討論会で意見を述べる左から高橋克法、加藤千穂、町田紀光の3氏(壇上での座席順)=1日夜、宇都宮市江野町

 4日の参院選公示を前に、宇都宮市内で1日夜開かれた栃木選挙区立候補予定者による公開討論会。自民党現職の高橋克法(たかはしかつのり)(61)、立憲民主党新人の加藤千穂(かとうちほ)(43)、政治団体「NHKから国民を守る党」新人の町田紀光(まちだとしみつ)(40)の3氏が初めて顔をそろえ意見を戦わせた。全般的に主張が鋭く対立する場面は少なかったが、消費税率10%への引き上げについては意見が割れ、立場の違いが鮮明になった。

 今年10月の消費増税への賛否を問われると、高橋氏は賛成、加藤氏は反対、町田氏は賛成と反対のカードを掲げた。加藤氏は「アベノミクスの6年半で地方経済は冷え込んでしまった。低所得者ほど負担が重くなる。いったん立ち止まり、抜本的に見直すべきだ」と語気を強めた。

 一方、高橋氏は、消費税率引き上げは民主党政権下の2012年に3党合意で決まったこととした上で「歴史的な経緯を踏まえて判断しなければならない」と反論した。
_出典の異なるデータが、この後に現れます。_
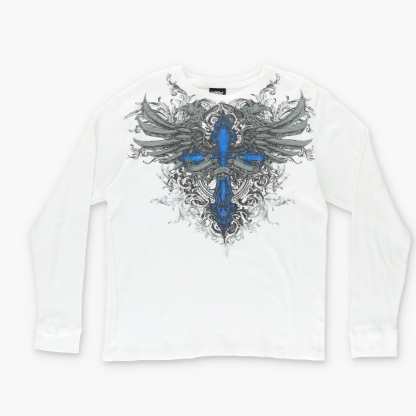 MMA ELITE Y2K Punk Cross Wing Graphic White & Blue Thermal Long Sleeve (M-L)

 町田氏は「今する必要があるかといえば反対。他に人件費など削減すべきところがある」と述べた。

 10月に実施される幼児教育・保育無償化について、加藤氏は「無償化しても受け入れ先がなければ、潜在的な待機児童が余計殺到する」などと指摘した。

 高橋氏は「無償化と同時に待機児童解消のための受け皿整備、保育現場の処遇改善を進めていく」と強調した。